WHAT YOU NEED TO DO:
In the copy of these records, include no pictures and change nothing else.

Saved data entries:
- - - - - - -
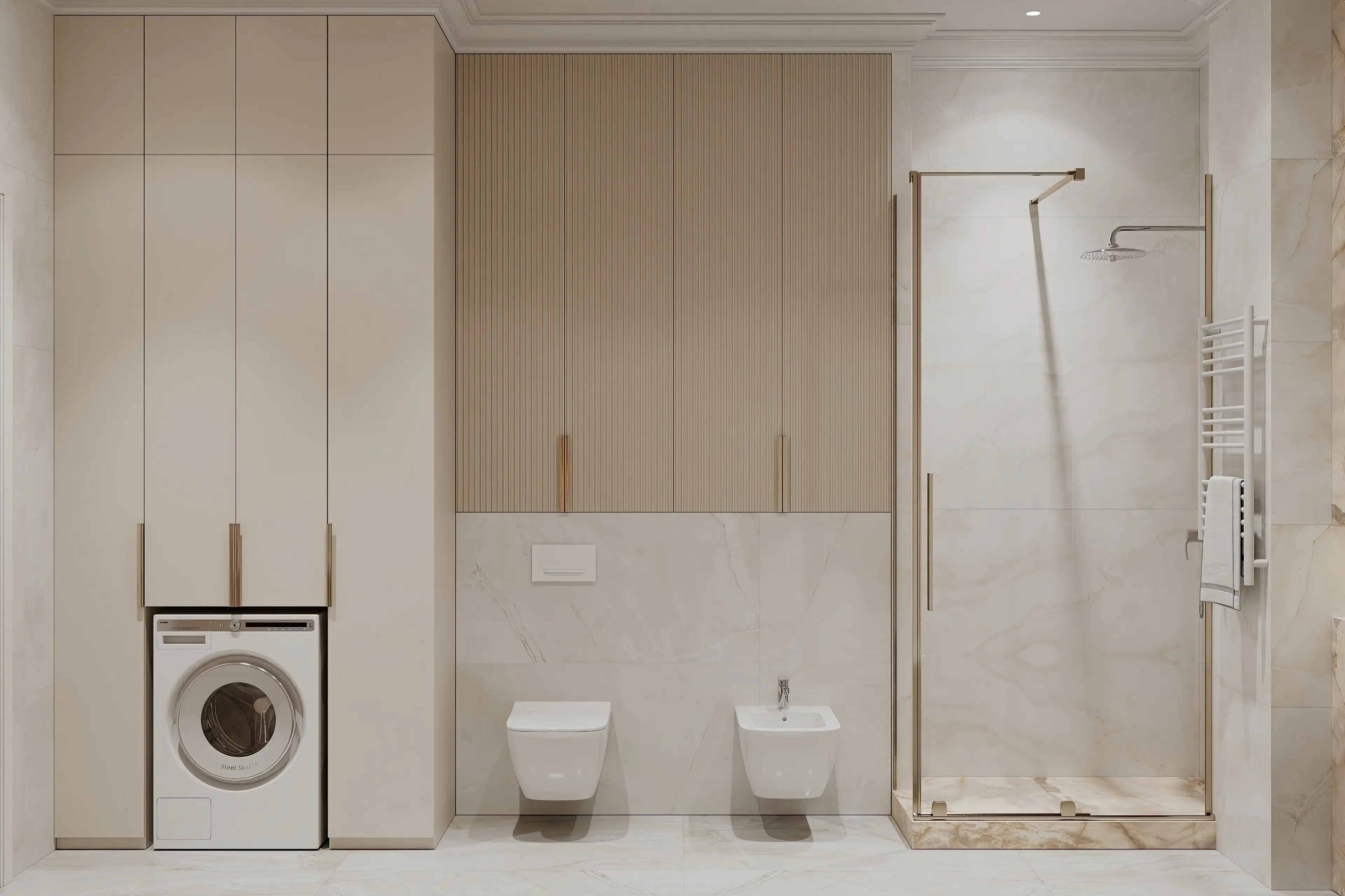 В хозяйственной зоне стиральная машинка встроена в большой вместительный шкаф, сливающийся по цвету с отделкой стен.
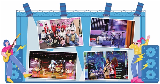 图①:今年寒假,团队在武汉保利上城社区开展为期一周的“VMV乐队寒假学堂”活动时,和社区的孩子合影。图②:VMV乐队登台演出。图③:贝斯手郭斌。图④:吉他手金海心。受访者供图
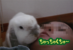 うちはホーランドロップの♀なのですが、まだまだやんちゃで。ちゅーではなくガブッですね。
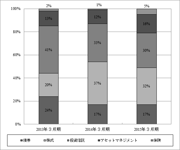 上記のとおり、2015年3月期は、投資信託関連とアセットマネジメント関連の収益構成比は45%から46%に増加しました。一方株式関連の収益構成比が2014年3月期の37%から32%に減少しました。債券関連の収益構成比は2014年3月期と同様に17%でした。また、保険の代理店手数料の収益構成比は5%となりました。
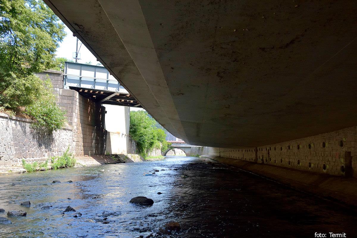 Ve Rtyně nad Bilinou čerstvě zbourali železobetonových most, kdy jim betonové bloky s železnou výzt ...
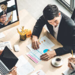 Business people working together conference and studying online
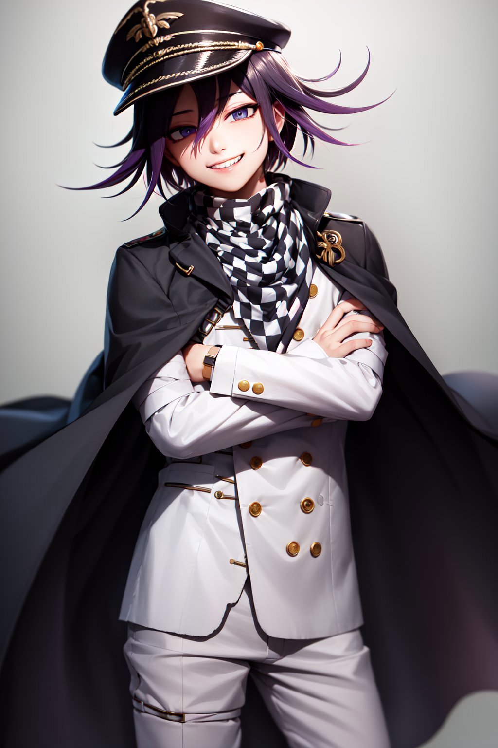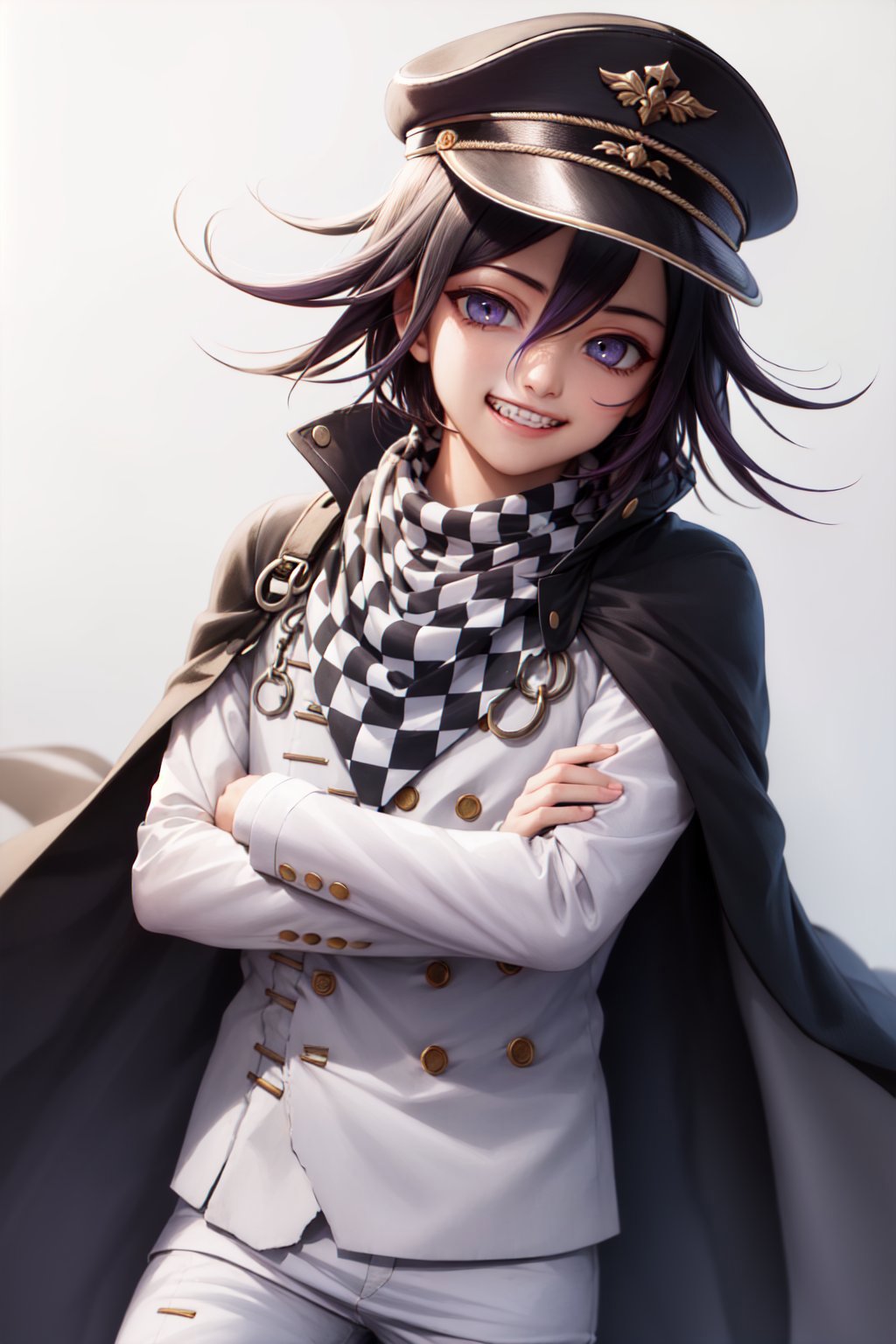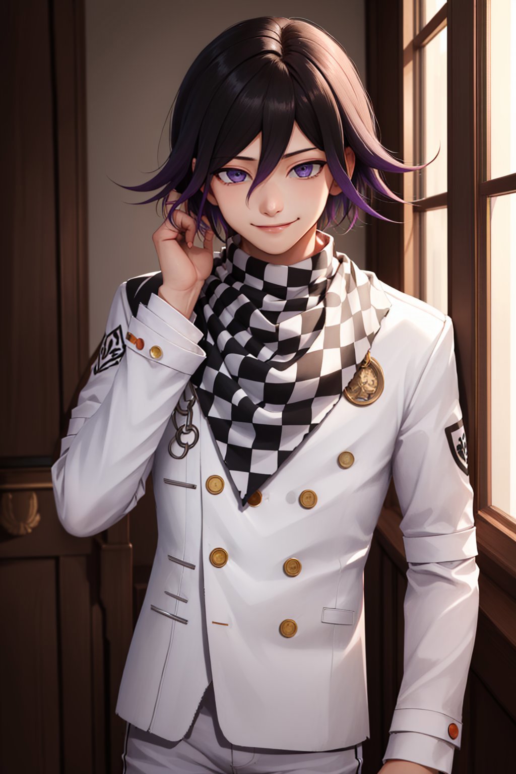 Default Outfit: jacket, buttons, white pants, checkered scarf
- - - - - - -
OUTPUT FOR THIS EXERCISE:
 В хозяйственной зоне стиральная машинка встроена в большой вместительный шкаф, сливающийся по цвету с отделкой стен.
 图①:今年寒假,团队在武汉保利上城社区开展为期一周的“VMV乐队寒假学堂”活动时,和社区的孩子合影。图②:VMV乐队登台演出。图③:贝斯手郭斌。图④:吉他手金海心。受访者供图
 うちはホーランドロップの♀なのですが、まだまだやんちゃで。ちゅーではなくガブッですね。
 上記のとおり、2015年3月期は、投資信託関連とアセットマネジメント関連の収益構成比は45%から46%に増加しました。一方株式関連の収益構成比が2014年3月期の37%から32%に減少しました。債券関連の収益構成比は2014年3月期と同様に17%でした。また、保険の代理店手数料の収益構成比は5%となりました。
 Ve Rtyně nad Bilinou čerstvě zbourali železobetonových most, kdy jim betonové bloky s železnou výzt ...
 Business people working together conference and studying online
 Default Outfit: jacket, buttons, white pants, checkered scarf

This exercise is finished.